What's your favorite Indian dish, and do you make it at home?

Chicken Vindaloo
Chicken adapted from 
This dish tastes authentic, but lacks the rich, heavy quality so often found in restaurant cooking. It's flavorful and hearty, and is worth the effort to put together (You'll need at least 1 hour to marinate). I finally stumbled upon the perfect method for cooking basmati rice (it was years of trial and error), so I've included that in the recipe. The side dish is just frozen green beans steamed in the microwave then seared in a skillet with about half a can of diced tomatoes and a bunch of the spices used in the vindaloo.

Serves 4 to 5

5 tablespoons ghee or vegetable oil, divided
3 large white onions, chopped
2-inch piece ginger, chopped
5 garlic cloves, chopped
3 tablespoons distilled white vinegar
1 1/2 teaspoons ground coriander
1 1/2 teaspoons ground cumin
1 1/2 teaspoons garam masala
1/2 teaspoon ground black pepper
1/2 teaspoon ground turmeric
1/2 teaspoon Indian chile powder or cayenne
1/2 teaspoon salt, plus additional to taste
Water for blending and simmering
3 (6 oz) boneless skinless chicken breasts, cut into 2-inch pieces
2 medium Russet potatoes, peeled and cut into 1 1/2-inch chunks
3/4 teaspoon black mustard seeds
1/4 cup water and more as needed
1 cup Basmati rice
Chopped cilantro
Lime wedges, for serving
Thinly sliced Serrano or other hot chile, for serving

1. Heat 2 tbsp of the ghee in a Dutch oven or large pot on medium high heat.
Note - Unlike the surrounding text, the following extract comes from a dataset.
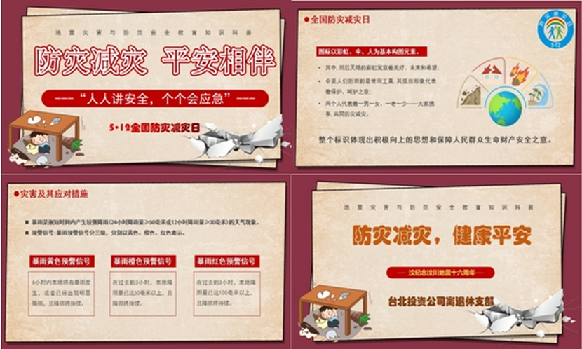 近日,離退休支部開展“5·12防災(zāi)減災(zāi)”科普活動。結(jié)合支部的實際情況,通過辦公場所用電防火安全檢查和交通出行安全警示,進(jìn)一步排查整改生活、工作中存在的安全隱患。組織觀看防災(zāi)減災(zāi)宣傳片和制作防災(zāi)減災(zāi)PPT來普及防災(zāi)減災(zāi)知識,了解地震、臺風(fēng)、暴雨、洪水等自然災(zāi)害的應(yīng)對措施,來防范化解災(zāi)害風(fēng)險,提升公眾防災(zāi)減災(zāi)的意識和能力,實現(xiàn)“人人講安全,個個會應(yīng)急”。

Add onions and cook, stirring occasionally, until tender and golden brown, 7 to 9 minutes. Add ginger and garlic and cook, stirring constantly, until softened, 1 to 2 minutes. Transfer to a blender. Add vinegar, coriander, cumin, garam masala, black pepper, turmeric, chile powder and 1/4 tsp of the salt, or salt to taste. Puree; if too thick to blend, slowly add water 1 tbsp at a time until you have a thick sauce.

2. Put chicken pieces in a large bowl. Add sauce and stir well. Refrigerate for 3 hours or as long as overnight; or rest at room temperature for 1 hour.

3. Bring a medium pot of water to a boil and cook until tender but not falling apart, 8 to 10 minutes. Drain and rinse and wipe out the saucepan.

4. Heat 1 tbsp of the ghee in the same medium saucepan on medium heat. Add rice and cook, stirring frequently until opaque and fragrant, 1 to 2 minutes. Add 1 3/4 cups water and a scant 1/4 tsp of the salt and bring to a boil. Reduce heat to low and simmer, covered, until rice is tender and water is absorbed, 15 to 17 minutes. Keep the pan covered and set aside to rest for 10 minutes or more.

5. Heat 1 tbsp of the ghee in a large skillet on medium-high heat and add mustard seeds. When seeds start to pop, add the potatoes. Season lightly with salt and cook just until browned on most sides. Transfer to a bowl.

6. Heat remaining 1 tbsp of ghee in the Dutch oven (no need to clean it) on medium heat. Add the chicken with its sauce plus 1/2 cup of water and bring to a simmer. Reduce heat to maintain a slow simmer and cook, stirring frequently, until chicken is cooked through, about 10 minutes. Stir in potatoes and simmer just until heated through. Season with salt to taste. Add additional water if you want a thinner sauce. Sprinkle with cilantro and serve with rice and lime wedges. Pass the chiles (or additional chile powder) at the table for people who want to add more heat.